Citation: Kalisch BE, Baskey JC, Rylett RJ (2012) The Relationship between Choline Acetyltransferase and Nitric Oxide Synthase Isoform Expression in Alzheimer’s Disease. J Alzheimers Dis 2:105. doi:10.4172/2161-0460.1000105

Copyright: © 2012 Kalisch BE, et al. This is an open-access article distributed under the terms of the Creative Commons Attribution License, which permits unrestricted use, distribution, and reproduction in any medium, provided the original author and source are credited.

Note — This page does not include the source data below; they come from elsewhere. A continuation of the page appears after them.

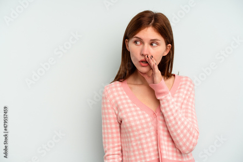 Young English woman isolated on blue background being shocked because of something she has seen.
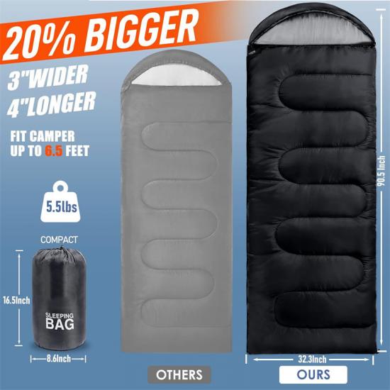 Zewnętrzna warstwa śpiwora Spaciou o wadze 4 funtów (ok. 1,8 kg) wykonana jest z wodoodpornego poliestru 210T, który chroni przed wiatrem i deszczem oraz zapewnia ciepło nawet w zimne i deszczowe dni. Dodatkowo, wewnątrz śpiwora zastosowano nową syntetyczną wyściółkę izolacyjną, która zapewnia dobrą izolację nawet w wilgotnych warunkach i zapobiega odczuciu wilgoci.
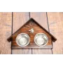 We present a handmade two-bowl stand for a dog, which will certainly become a decoration for any interior. Produced in Poland, it is made of solid wood, which guarantees durability and high quality. The stand has a funny dog house shape, which adds charm and unique character to it. Decorated with a silver-plated bas-relief of a purebred dog, it becomes not only a functional but also a decorative element. The set includes two stainless steel bowls, which are hygienic and easy to clean.
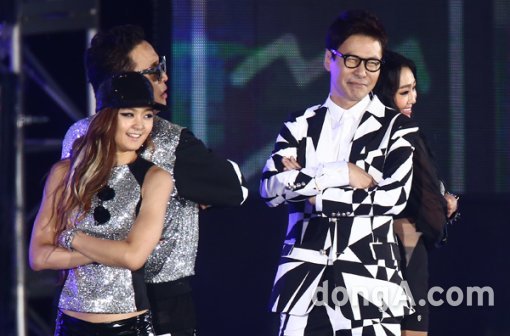 정준하-윤상이 12일 오후 강원도 평창군 알펜시아리조트에서 열린 MBC '2015 무한도전 가요제 영동고속도로가요제'(이하 무한도전 가요제)에 참석해 공연을 하고 있다.
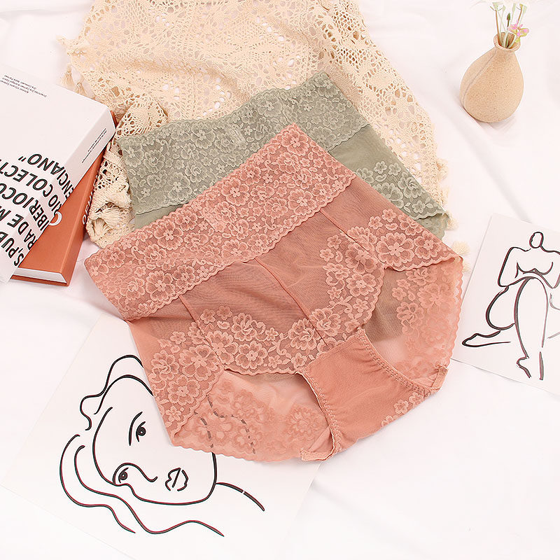 Collection of small belly high waist lace Underpants mesh yarn cotton stalls No marks Sexy Bag Hip Triangle Pants Postnatal Mom Selection

Nitric oxide (NO) plays an important role in cholinergic neurotransmission and has been implicated in the progression of Alzheimer’s disease (AD). Cholinergic neurotransmission has been associated with regulation of NO synthase (NOS) expression, and we determined previously that NO modulates choline acetyltransferase (ChAT) expression. In spite of the important links identified between NOS and ChAT, little is known about the relationship between these two enzymes in AD. Therefore in the present study, we compared the expression levels of ChAT and NOS in necropsy brain of individuals with AD and non-demented controls. ChAT and NOS levels were assessed in control and AD caudate, nucleus basalis of Meynert (nbM), cortex and hippocampus by radioenzymatic assay, immunoblot analysis and RT-PCR. We detected a significant decrease in ChAT activity in the cortex of AD cases, but no alterations in NOS activity were observed in any of the brain regions examined. At the mRNA level, no significant decrease in total ChAT mRNA was detected but the decrease in M-ChAT mRNA levels approached significance in the nbM. No difference in nNOS and iNOS mRNA and protein levels was observed between control and AD tissue in any of the four brain regions sampled, but a statistically significant decrease in eNOS mRNA levels was detected in both the cortex and hippocampus of AD brain. Finally, the levels of ChAT and NOS activity, protein or mRNA isoforms did not correlate in most of the brain regions examined, but a reduction in ChAT activity and eNOS mRNA in basal forebrain projection regions was observed. These data suggest that in general, there is no correlation between the levels of NOS and ChAT in control or AD subjects, but a reduction in eNOS levels in the hippocampus and cortex indicates there could be an interaction between eNOS containing cells and basal forebrain projections neurons in AD.